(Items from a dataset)
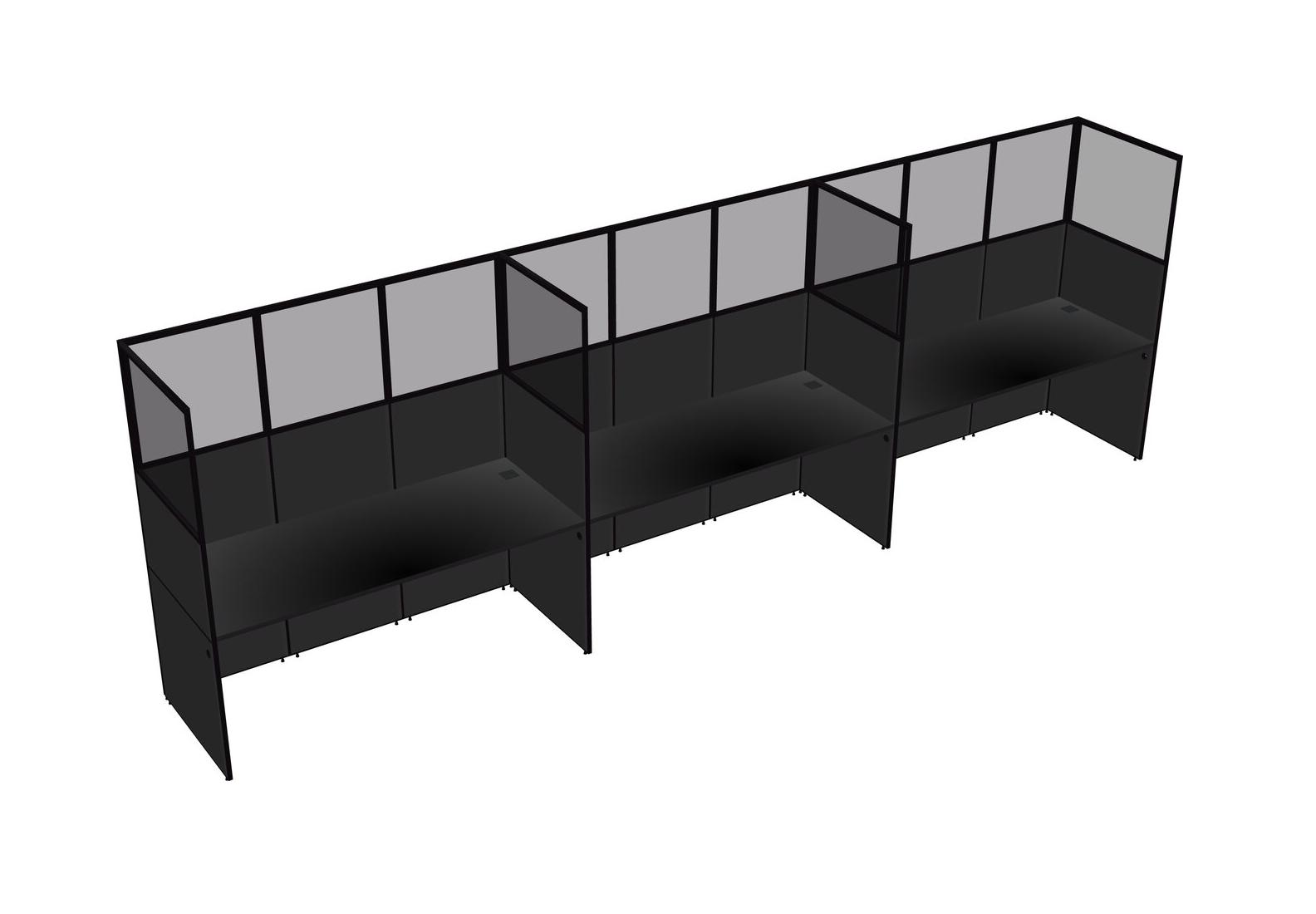 Black Shared Rectangular Office Cubicle Panel System For 3 Persons
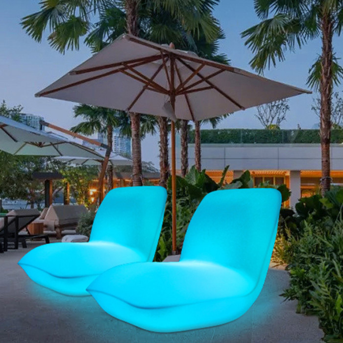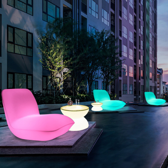 led發光休閒椅網紅沙灘景觀塑膠沙發靠背椅立方體發光酒吧茶幾桌
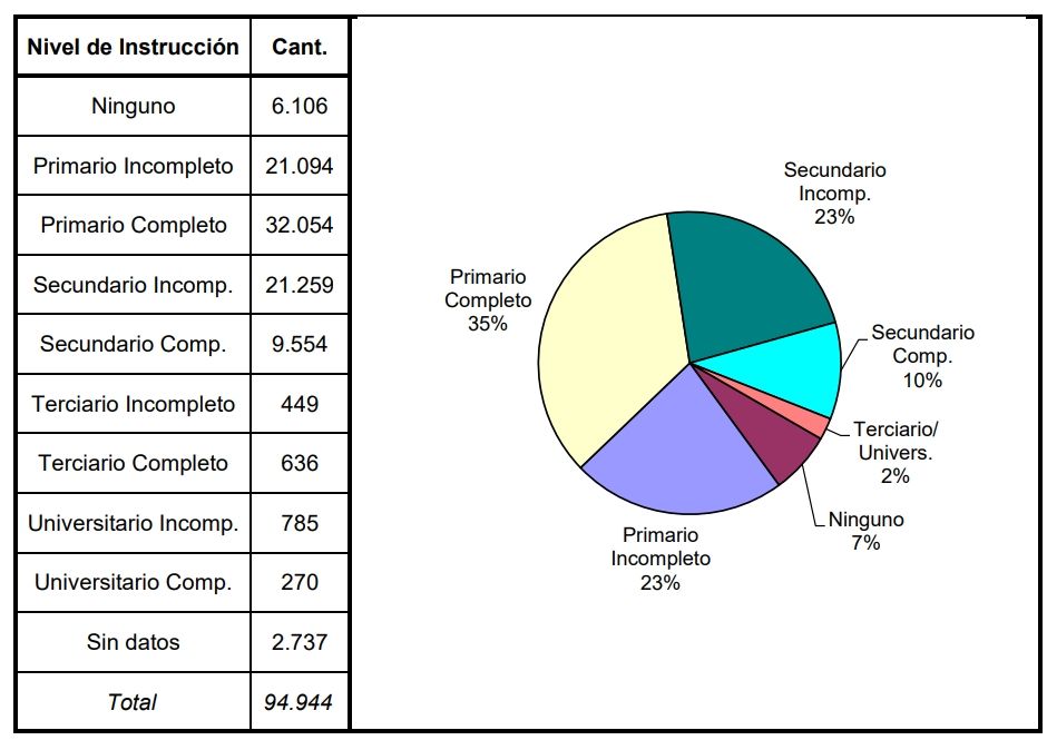 Este estudio reporta que la mayoría de los hombres privados de su libertad cuentan con un nivel educativo muy bajo ya que 88% de ellos cuentan sólo con estudios básicos (primaria 58% completa e incompleta y secundaria 33% completa e incompleta) 7% ninguna educación, bajando el porcentaje al 10% si se termina la secundaría y solo al 2% si tiene terciario o universitario.
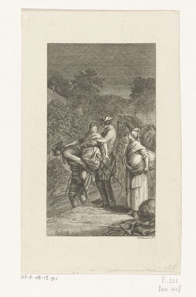 Curator: This etching, rendered in a stark Baroque style, is titled "Abraham speaks to Isaac before the Sacrifice" and dates to 1731. Christian Wilhelm Ernst Dietrich is credited as its author. Editor: A powerful composition, I must say. The immediate impact is one of deep foreboding. There is a clear dramatic tension in the contrasting gestures of the figures—the heavy mood hanging over them seems tangible. Curator: Notice how Dietrich uses line weight and density to create areas of deep shadow and intense highlights. Consider Abraham's upraised hand, which acts as a focal point. Observe, too, how Dietrich articulates a sense of gravity in Isaac's averted gaze. Editor: The piece speaks to inherited trauma. Consider the weight of Abraham's paternal authority—and divine mandate—bearing down on Isaac's subjectivity, trapping him between obedience and existential dread. Doesn't this resonate with intergenerational struggles we see playing out today? Curator: What resonates is how this composition exemplifies the dramatic contrasts inherent in Baroque aesthetics: note the way the chiaroscuro models their bodies, almost theatrical in its intensity. The light emphasizes Abraham's expressive face and commanding stance, and shrouds Isaac’s humanity in shadow. Editor: Right, and to expand on that, Baroque art frequently aimed to evoke profound emotional and spiritual responses. This depiction, steeped in a biblical narrative that challenges the notion of morality itself, evokes not only pity but perhaps also interrogates themes of patriarchal control that pervade Western art history. Curator: Undoubtedly, Dietrich has used line work, scale, and dramatic lighting effects to give form to what can only be defined as a dark theological episode. It is very compelling. Editor: Agreed, it forces us to ask important questions about power, agency, and belief. I think its continued relevance comes down to its unreserved investigation into personal and collective narratives.
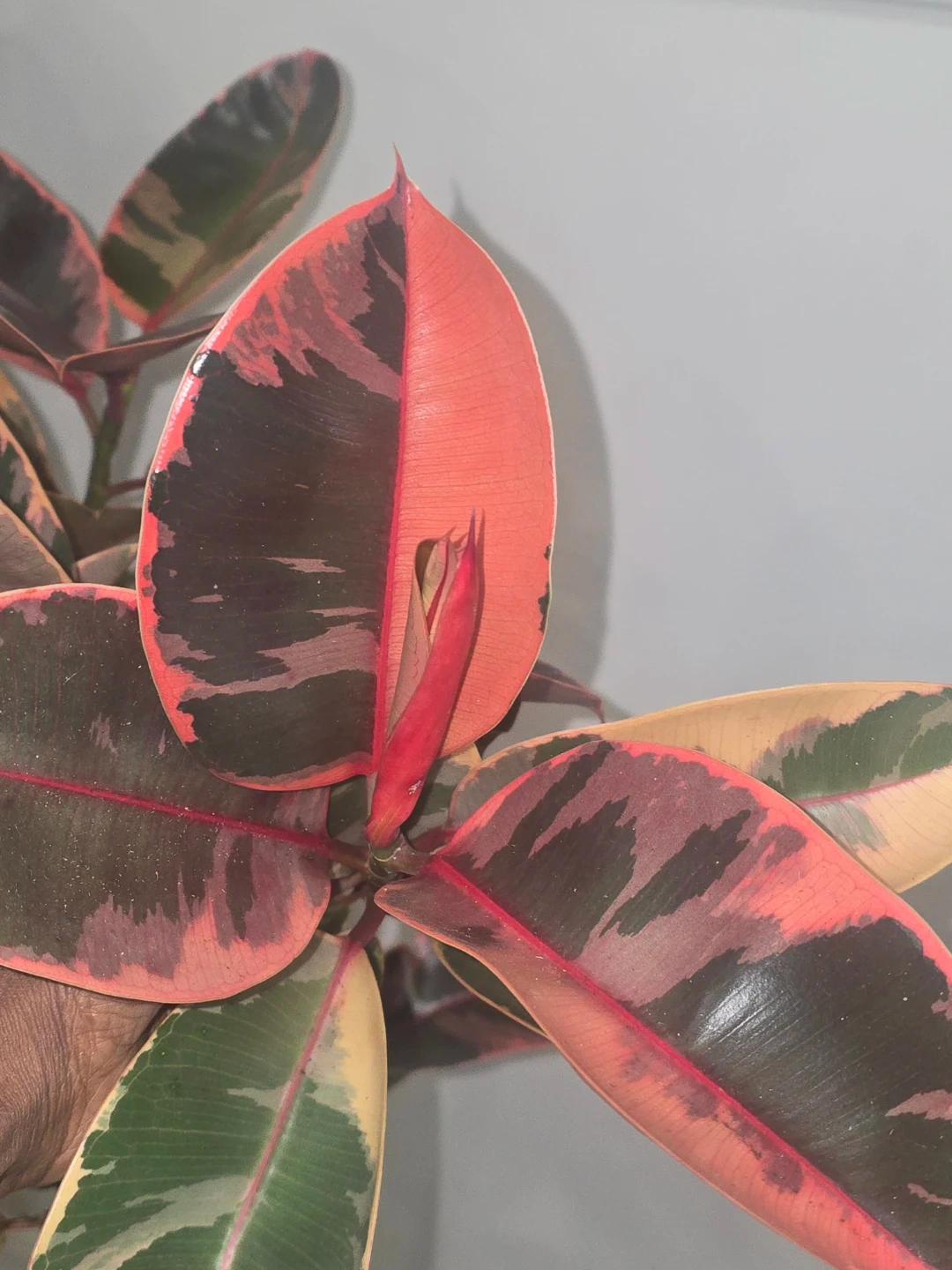 256Beautiful Ficus Elastica Ruby standard tree ready for a new home! It's a great way to add a pop of colour to any room

**Problem to work on**: Go through the data above and print exactly the lines from its first line through the line holding "Este estudio reporta", both included, leaving pictures aside.

**Exercise answer**:
 Black Shared Rectangular Office Cubicle Panel System For 3 Persons
 led發光休閒椅網紅沙灘景觀塑膠沙發靠背椅立方體發光酒吧茶幾桌
 Este estudio reporta que la mayoría de los hombres privados de su libertad cuentan con un nivel educativo muy bajo ya que 88% de ellos cuentan sólo con estudios básicos (primaria 58% completa e incompleta y secundaria 33% completa e incompleta) 7% ninguna educación, bajando el porcentaje al 10% si se termina la secundaría y solo al 2% si tiene terciario o universitario.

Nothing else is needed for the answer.